Et si cette sculpture n’était pas autre chose qu’une sublimation visant, pour Stéphane, à devenir le terreau de son propre vignoble ? Cet axe m’a un temps séduit, mais la sublimation prend racine sur un détournement constructif de la Libido. Nous sommes ici manifestement loin d’une énergie libidinale à canaliser, donc encore moins dans un dépassement des orages d’Œdipe, de l’angoisse de trouver son rôle et sa place, d’imposer aux générations précédentes ses idées comme les meilleures et les plus fiables.
Je privilégie donc la piste du continuum émotionnel traversant les générations dans les deux sens, du grand-père paternel aux petits enfants et inversement. Celle qui vise l’absolu du Beau. Le Beau se synthétise dans l’idée de « tout ce que j’aime et comprends, ce qui me rassure par son indéfectible présence au-delà du temps et des modes. ».
Disparitions…
Bien entendu cette fragile sculpture de douelles va être ingurgitée par la vigne. Bien entendu les couleurs représentant les acteurs du continuum émotionnel vont s’affadir sous la pluie et le temps. Mais l’idée de devenir le terreau de son propre vignoble n’est qu’une rationalisation réflexe face à l’angoisse de disparition, des disparitions… Il y a un au-delà du ça qu’il me faut saisir.
La séance est finie. Je laisse Stéphane reprendre pieds doucement. Je me lève de ma chaise, regarde ce hangar au travers de ce kaléidoscope sans âge. Le souvenir des temples japonais en bois me revient à l’esprit. Eux aussi sont soumis à la loi naturelle de l’effacement progressif. Leur énergie vitale est dans ce cycle de construction et reconstruction. Ils attirent l’œil, marquent un territoire, mais ce sont avant tout des lieux et non des choses. Ce sont des espaces géométriques intemporels et profondément liés à leur géographie.

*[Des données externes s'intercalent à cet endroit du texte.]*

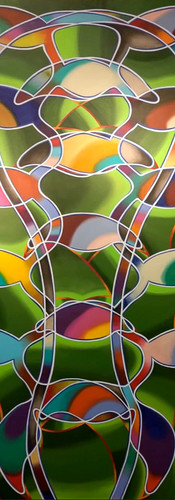 Ella se apropia de las “pellizas”, incontables retacitos de telas que suelen convertir en tapices. Hace tiempo, había captado las posibilidades –formales y expresivas- que ofrece esa técnica textil artesanal, y, hoy más que nunca, las transforma en una red“mágica”, que curvea, asciende, desciende, se trepa por las paredes, cubre el piso,brota en recovecos… Hasta erige laberintos que nosotros, los visitantes, recorremos gustosamente. ¡Colores y formas, huecos y recortes se adueñan del ambiente!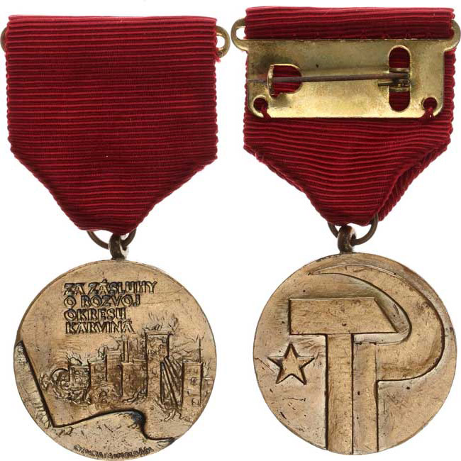 Pam.medaile "Za zásluhy o rozvoj okresu Karviná" sign.: Ciencia la-Moldřík bronz 30 mm na vínové stuze etue

Ce sont des temples du Beau, où l’on vient chercher compréhension et indéfectible présence.
Cette géode, est destinée à étonner et attirer les visiteurs du festival Chamery Circus. Elle est pensée pour aider à cueillir le Beau des coteaux champenois. Comme les vins, cette forme géométrique pure n’existe pas dans la nature. Comme les vins, elle est la quintessence de l’esprit humain et de ce que la nature spontanément offre à jouir.
Je rentre maintenant sur Reims, longeant de nouveau les coteaux dévêtus. A la radio, l’ébouriffant Sacre du Printemps. Lui aussi a su étonner et attirer, malgré eux, les mélomanes. Je coupe la radio, aujourd’hui j’ai besoin de cocon, de Beau tranquille.
Et un mulot des vignes …
Tout en roulant, l’idée définissant cette géode à l’identique d’un temple japonais perdure et s’installe définitivement… écrin du Beau, expression d’un terroir familier, doux et puissant, se reconstruisant de génération en génération… indéfectible et accessible.
J’ai presqu’envie que cette année passe très vite. Me transformer en mulot des vignes, tapis sous les douelles écroulées, observer Stéphane Parmantier reconstruire ma nouvelle habitation.